Secondo i giudici, i quattro sono responsabili della bomba ambientale, escluse quindi responsabilità per la ex Ucar e la discarica Graftech. A Berzo Demo la contaminazione accertata è di ferro e fluoruri. Cose da Selca, insomma, e i giudici lo mettono nero su bianco. : «La situazione di inquinamento attuale è riconducibile alle modalità con cui è stata effettuata la gestione dei rifiuti da parte di Selca spa prima e dopo il sequestro penale. Lo stesso sequestro ha verosimilmente inciso sul problema, sottraendo i rifiuti alla disponibilità di Selca spa per circa due anni, ma la responsabilità è di chi ha provocato l’indagine penale dando origine al sospetto di violazioni ambientali. La catena causale risale quindi a prima del sequestro penale, e prosegue nel periodo successivo. Qui si è inserita, quale concausa parimenti determinante, una gestione che ha affrontato una situazione rischiosa con strumenti ordinari. Anche se le singole attività della gestione corrispondono alla prassi normale per impianti di questo tipo, il punto è che è stato sottovalutato il rischio insito nel differimento della rimozione, la quale era stata indicata fin dall’inizio come condizione per il dissequestro e la restituzione.

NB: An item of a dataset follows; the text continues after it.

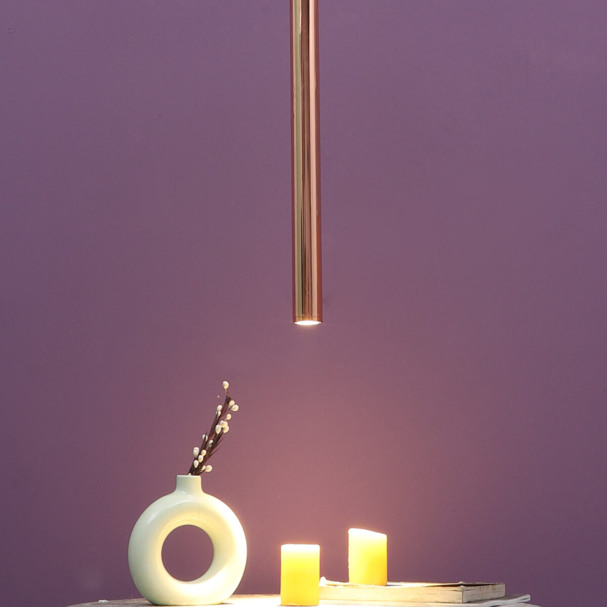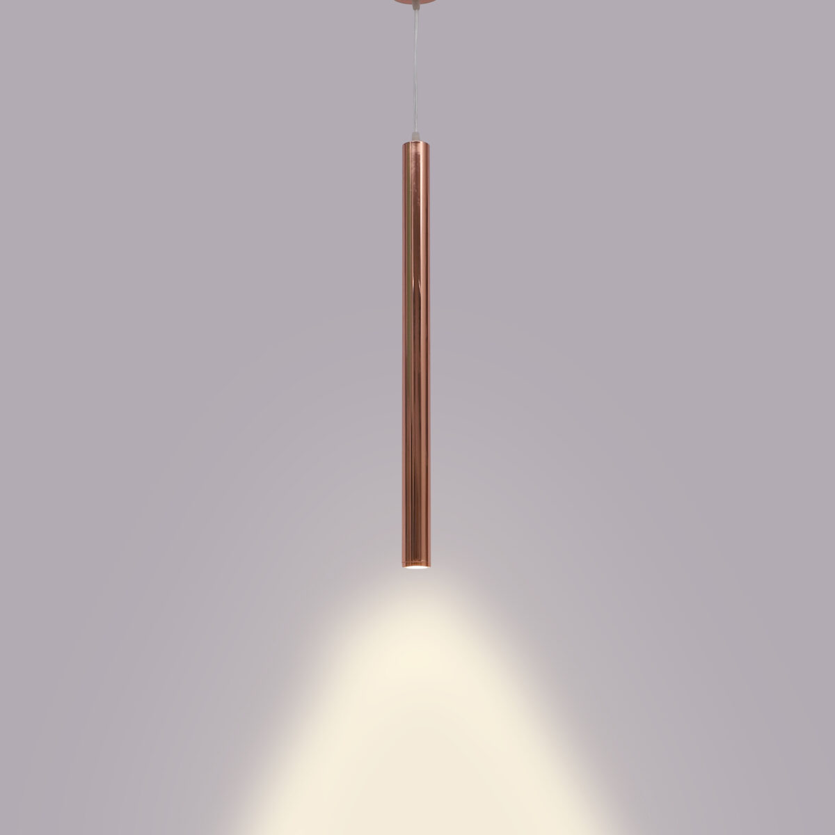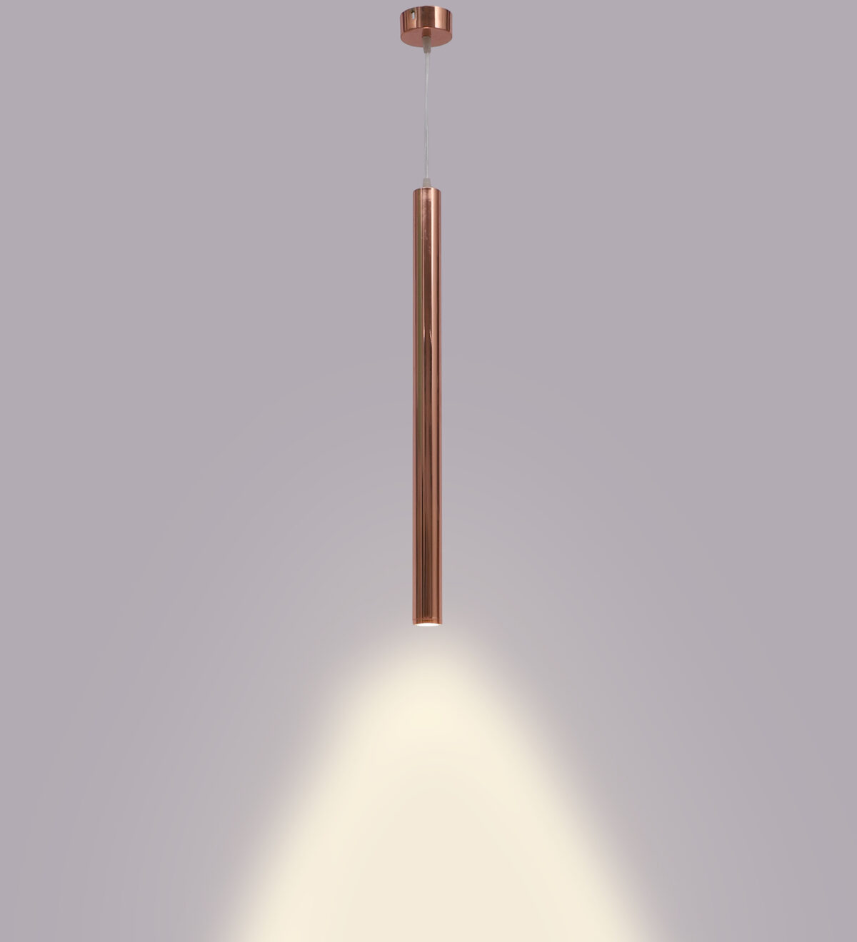 Copper sleek, modern, 12 watt LED hanging light having top branded LED and driver warm white (yellow) light output The suspension can be adjusted at time of installation to the desired height. Can be made available in a cluster of multiple quantities with round, square or rectangular base as per requirement . Application includes both residential and commercial premises wherever it matches with your interiors. Can be customized as per requirement in terms of finish, wattage, height, diameter.

Il fatto che siano state prese alcune precauzioni, come la copertura dei rifiuti mediante teli impermeabili, non bilancia e non cancella la precarietà complessiva della custodia dei rifiuti, evidentemente insostenibile nel medio e lungo periodo. Vi è stata quindi una sostanziale accettazione del rischio che la situazione potesse progressivamente aggravarsi e finire fuori controllo».